What you are asked to do ::
For this exercise, retype all the data exactly and exclude every image.

Supplied data ::
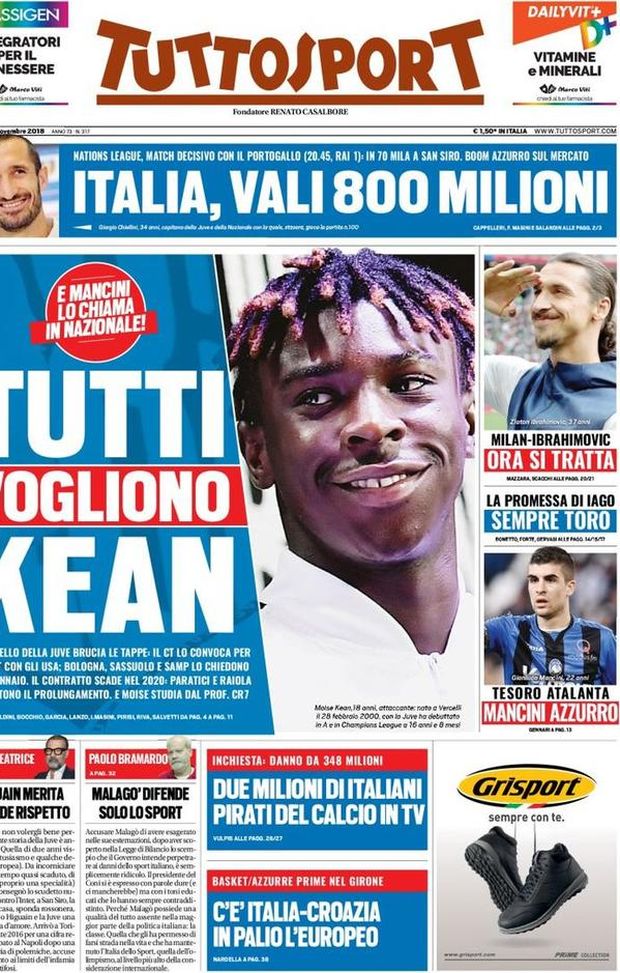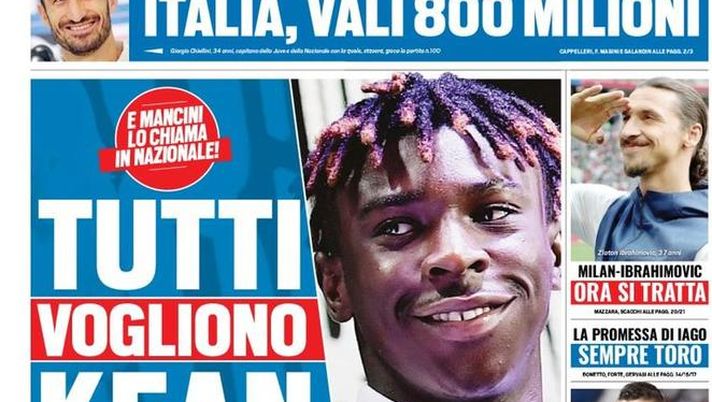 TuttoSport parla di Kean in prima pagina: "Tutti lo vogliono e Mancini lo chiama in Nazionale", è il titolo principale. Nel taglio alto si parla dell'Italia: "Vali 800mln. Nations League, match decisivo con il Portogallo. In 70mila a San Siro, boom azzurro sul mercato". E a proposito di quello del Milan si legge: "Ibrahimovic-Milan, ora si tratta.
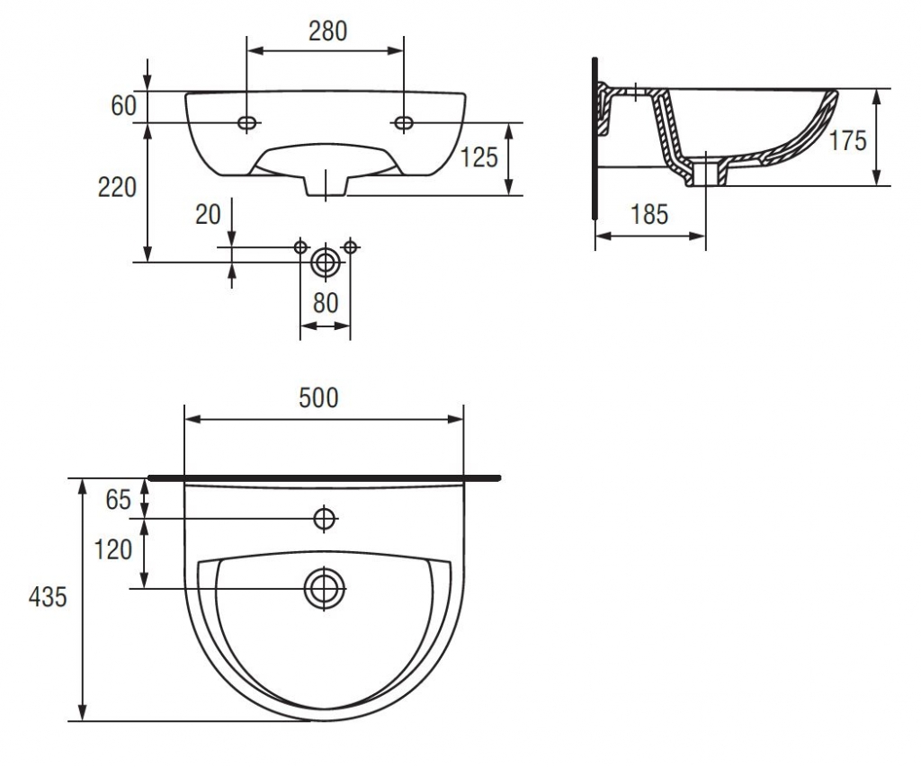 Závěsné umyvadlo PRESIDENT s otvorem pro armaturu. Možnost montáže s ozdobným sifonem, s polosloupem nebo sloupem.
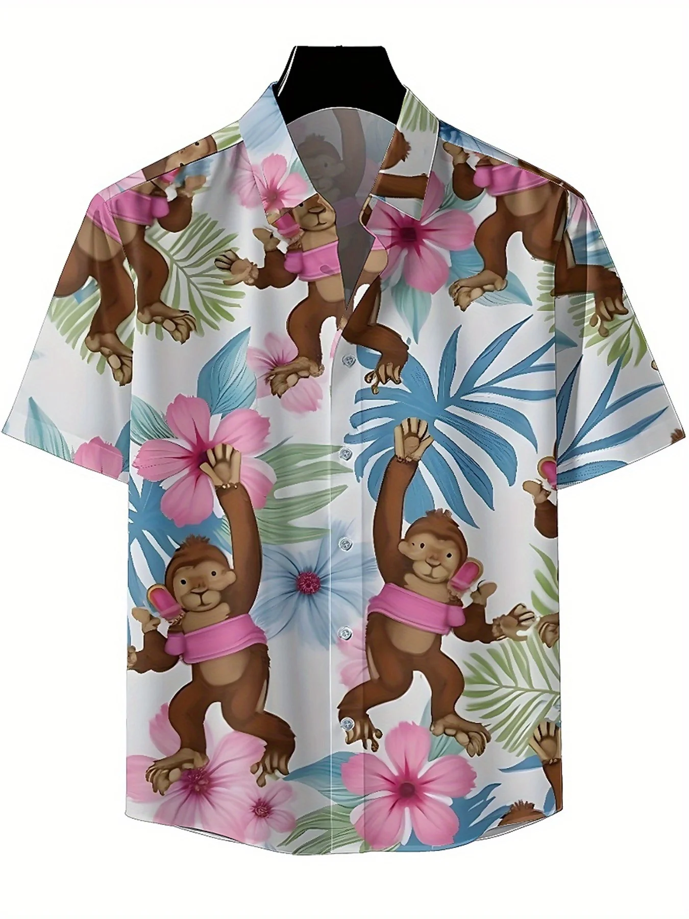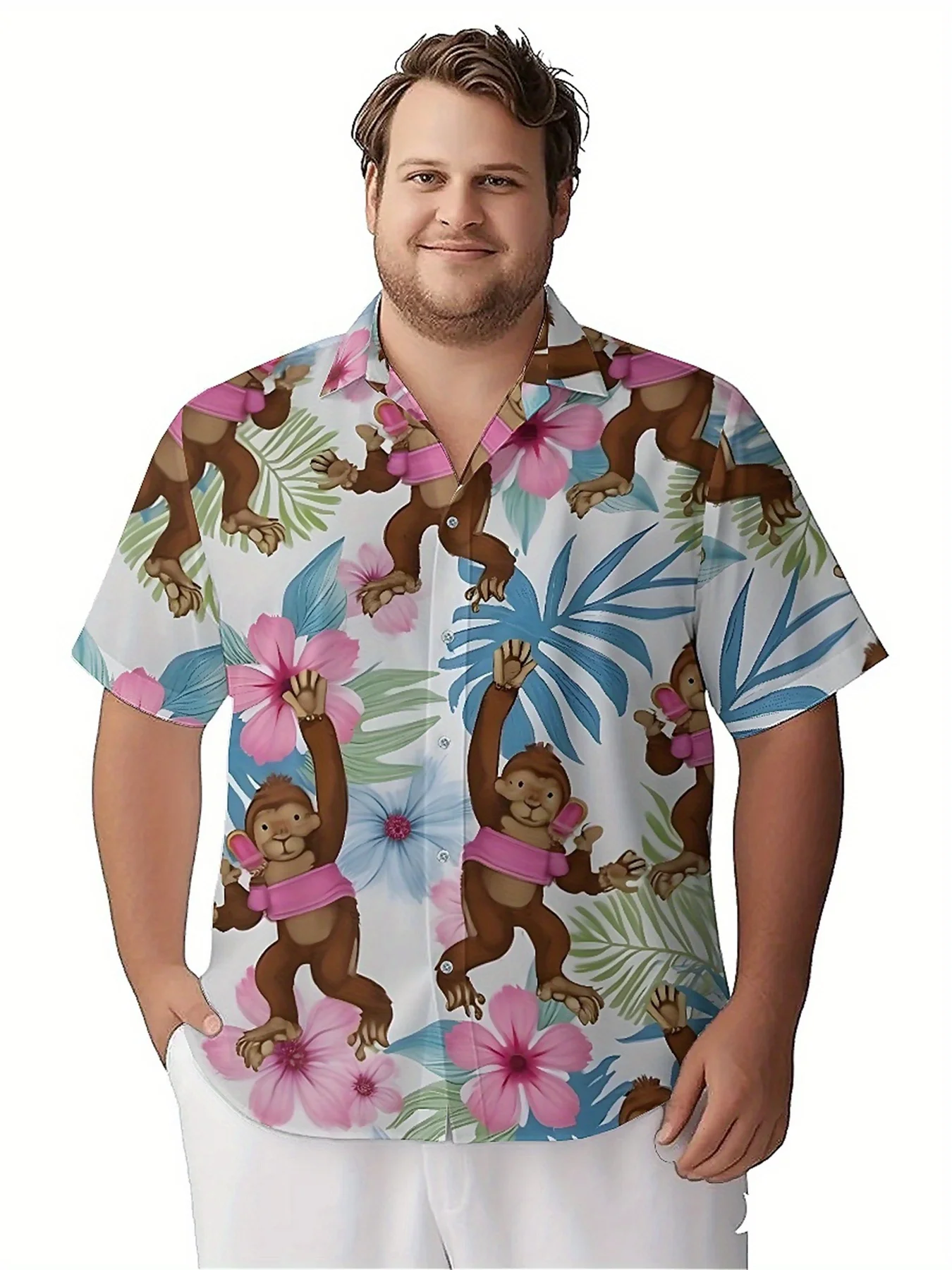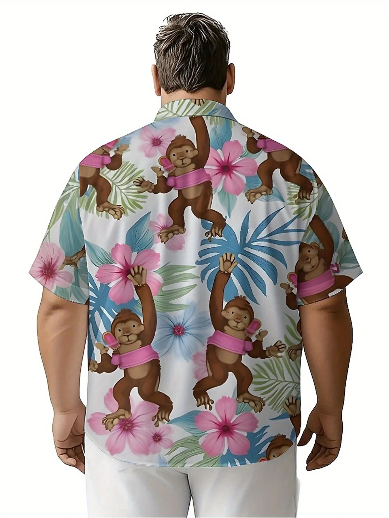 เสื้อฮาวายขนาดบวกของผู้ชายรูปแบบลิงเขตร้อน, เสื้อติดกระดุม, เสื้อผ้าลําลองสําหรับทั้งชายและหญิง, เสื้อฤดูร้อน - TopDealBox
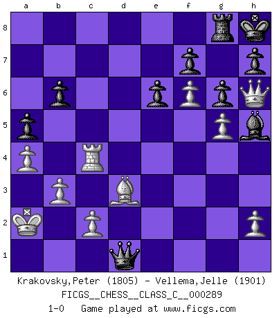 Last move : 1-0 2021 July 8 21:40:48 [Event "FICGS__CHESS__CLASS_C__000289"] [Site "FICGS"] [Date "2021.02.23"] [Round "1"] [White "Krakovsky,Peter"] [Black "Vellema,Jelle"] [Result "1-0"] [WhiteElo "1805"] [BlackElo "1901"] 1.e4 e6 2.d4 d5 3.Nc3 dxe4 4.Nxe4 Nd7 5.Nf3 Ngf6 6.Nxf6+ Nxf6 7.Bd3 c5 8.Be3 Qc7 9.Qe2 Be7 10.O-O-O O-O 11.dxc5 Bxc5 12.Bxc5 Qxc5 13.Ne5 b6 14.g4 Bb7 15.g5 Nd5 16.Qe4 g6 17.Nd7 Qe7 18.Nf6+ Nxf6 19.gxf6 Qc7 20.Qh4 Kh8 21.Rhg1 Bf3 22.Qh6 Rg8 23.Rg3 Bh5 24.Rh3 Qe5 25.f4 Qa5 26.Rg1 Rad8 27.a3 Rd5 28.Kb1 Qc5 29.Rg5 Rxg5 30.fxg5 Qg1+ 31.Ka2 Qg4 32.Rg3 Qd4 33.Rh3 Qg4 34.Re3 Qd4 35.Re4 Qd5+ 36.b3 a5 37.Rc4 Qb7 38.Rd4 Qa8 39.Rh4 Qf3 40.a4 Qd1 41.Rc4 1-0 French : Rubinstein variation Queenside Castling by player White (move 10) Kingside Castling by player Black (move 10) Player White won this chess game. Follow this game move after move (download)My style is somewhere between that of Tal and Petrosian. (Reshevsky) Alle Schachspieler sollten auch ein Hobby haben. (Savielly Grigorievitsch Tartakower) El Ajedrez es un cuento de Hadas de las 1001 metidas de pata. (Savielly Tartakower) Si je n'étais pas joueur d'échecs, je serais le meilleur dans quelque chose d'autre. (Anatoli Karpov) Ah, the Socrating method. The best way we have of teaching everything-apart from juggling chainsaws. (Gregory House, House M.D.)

Written response ::
 TuttoSport parla di Kean in prima pagina: "Tutti lo vogliono e Mancini lo chiama in Nazionale", è il titolo principale. Nel taglio alto si parla dell'Italia: "Vali 800mln. Nations League, match decisivo con il Portogallo. In 70mila a San Siro, boom azzurro sul mercato". E a proposito di quello del Milan si legge: "Ibrahimovic-Milan, ora si tratta.
 Závěsné umyvadlo PRESIDENT s otvorem pro armaturu. Možnost montáže s ozdobným sifonem, s polosloupem nebo sloupem.
 เสื้อฮาวายขนาดบวกของผู้ชายรูปแบบลิงเขตร้อน, เสื้อติดกระดุม, เสื้อผ้าลําลองสําหรับทั้งชายและหญิง, เสื้อฤดูร้อน - TopDealBox
 Last move : 1-0 2021 July 8 21:40:48 [Event "FICGS__CHESS__CLASS_C__000289"] [Site "FICGS"] [Date "2021.02.23"] [Round "1"] [White "Krakovsky,Peter"] [Black "Vellema,Jelle"] [Result "1-0"] [WhiteElo "1805"] [BlackElo "1901"] 1.e4 e6 2.d4 d5 3.Nc3 dxe4 4.Nxe4 Nd7 5.Nf3 Ngf6 6.Nxf6+ Nxf6 7.Bd3 c5 8.Be3 Qc7 9.Qe2 Be7 10.O-O-O O-O 11.dxc5 Bxc5 12.Bxc5 Qxc5 13.Ne5 b6 14.g4 Bb7 15.g5 Nd5 16.Qe4 g6 17.Nd7 Qe7 18.Nf6+ Nxf6 19.gxf6 Qc7 20.Qh4 Kh8 21.Rhg1 Bf3 22.Qh6 Rg8 23.Rg3 Bh5 24.Rh3 Qe5 25.f4 Qa5 26.Rg1 Rad8 27.a3 Rd5 28.Kb1 Qc5 29.Rg5 Rxg5 30.fxg5 Qg1+ 31.Ka2 Qg4 32.Rg3 Qd4 33.Rh3 Qg4 34.Re3 Qd4 35.Re4 Qd5+ 36.b3 a5 37.Rc4 Qb7 38.Rd4 Qa8 39.Rh4 Qf3 40.a4 Qd1 41.Rc4 1-0 French : Rubinstein variation Queenside Castling by player White (move 10) Kingside Castling by player Black (move 10) Player White won this chess game. Follow this game move after move (download)My style is somewhere between that of Tal and Petrosian. (Reshevsky) Alle Schachspieler sollten auch ein Hobby haben. (Savielly Grigorievitsch Tartakower) El Ajedrez es un cuento de Hadas de las 1001 metidas de pata. (Savielly Tartakower) Si je n'étais pas joueur d'échecs, je serais le meilleur dans quelque chose d'autre. (Anatoli Karpov) Ah, the Socrating method. The best way we have of teaching everything-apart from juggling chainsaws. (Gregory House, House M.D.)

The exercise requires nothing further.